4. Penanganan langsung limbah yang meluap dapat menimbulkan risiko kesehatan
Bagi staf pengumpulan sampah, risiko mengambil dan menangani sampah yang meluap meliputi infeksi, penyakit kronis, dan kecelakaan.
Kontak langsung dengan limbah dapat mengakibatkan infeksi kulit dan darah melalui luka yang terinfeksi, berbagai penyakit akibat gigitan hewan yang memakan limbah, dan infeksi usus yang ditularkan oleh lalat yang memakan limbah tersebut. Memungut sampah yang melimpah juga berisiko karena benda tajam, jarum suntik, dan berpotensi limbah berbahaya.
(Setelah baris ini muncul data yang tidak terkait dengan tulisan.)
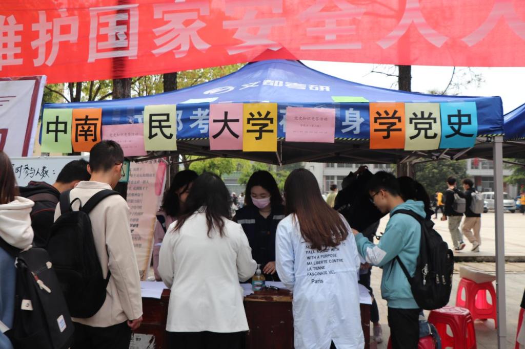 為慶祝中國共產(chǎn)黨成立100周年,學(xué)習(xí)貫徹習(xí)近平總書記在黨史學(xué)習(xí)教育動員大會上的重要講話精神,4月15日至16日,由校學(xué)生會主辦,法學(xué)院學(xué)生會、管理學(xué)院學(xué)生會承辦的“學(xué)黨史,正青春”黨史知識競答第一期活動于南區(qū)一、二食堂之間和北區(qū)天橋下擺臺處順利開展。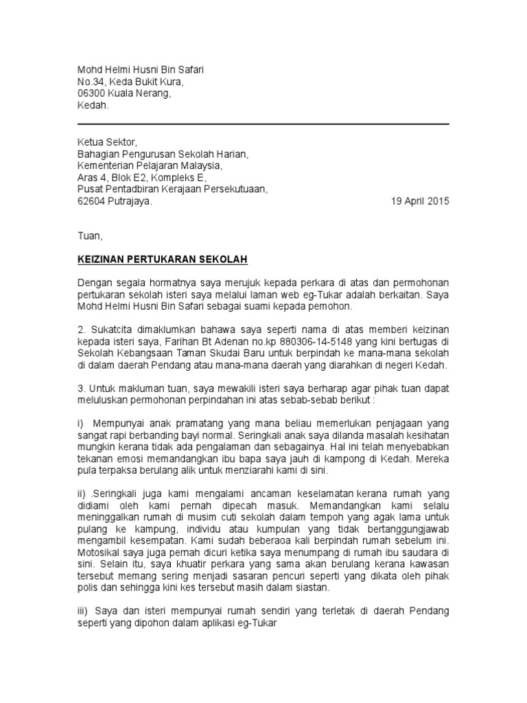 Contoh Surat Rayuan an Pertukaran Mengikut Suami. L nama suami alamat tempat kerja suami kepada sesiapa yang berkenaan tuan keizinan pertukaran. Beberapa contoh surat tukar sekolah terlengkap 2019.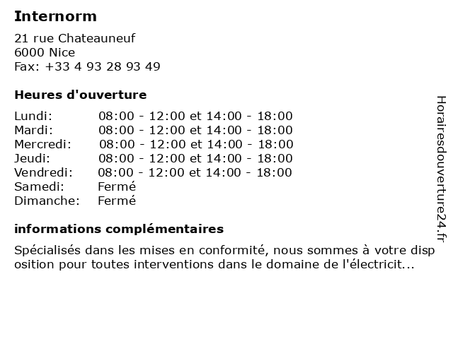 1 INTERNORM (Installation climatisation, chauffage, plomberie, pompe à chaleur, électricité) (Distance: 3,18 km) 10 Rue Gustave Garaud, 06300 Nice chaleur, chauffage, chauffagiste, climatisation, fournisseur de chaudières, installation, internorm, plomberie, plombier, pompe, ébéniste, électricien, électricité |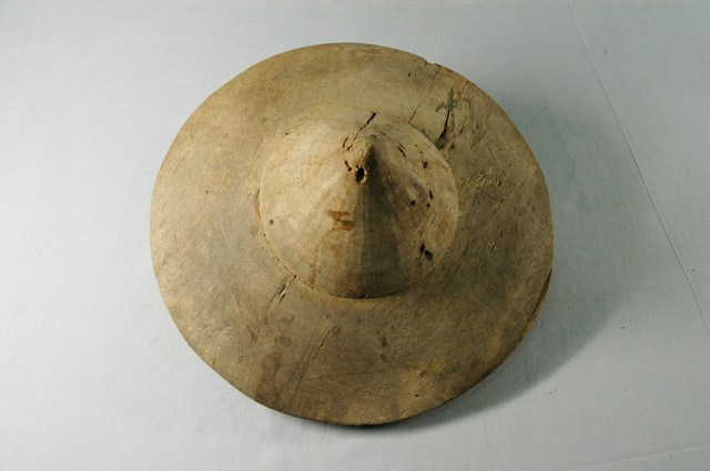 1.本物件為木製斗笠模型,包含圓錐狀帽頂、圓盤形帽簷兩部分組成。斗笠模主要是作斗笠的笠胎或骨架之用,使骨架在木模上編成,大小都一樣。斗笠製作者先用手將竹篾(竹子剖成的長條薄片)編成笠頭後,再將笠頭套在斗笠模上,在斗笠模上編成笠胎。笠胎完成後,便進行「吸笠」的步驟,也就是將桂竹葉一片片覆蓋在笠胎上,覆蓋完後用線將葉片牢牢縫合,稱為「牽笠線」,牽完笠線,一頂遮風擋雨的斗笠便完成了。

5. Pengendalian limbah yang tidak efisien berdampak buruk bagi kesejahteraan kota
Selain menyebabkan berbagai masalah kesehatan dan lingkungan, sampah yang melimpah merupakan gangguan publik dan merusak pemandangan.
Semua orang ingin tinggal dan mengunjungi tempat-tempat yang segar, bersih, dan sehat. Kota yang bau dengan sanitasi yang buruk dan sampah di mana-mana tidak menarik orang atau turis, apalagi investasi. Kota terus kehilangan uang, dan mereka juga kehilangan pendapatan dan peluang kerja yang berasal dari pengendalian limbah dan daur ulang yang tepat.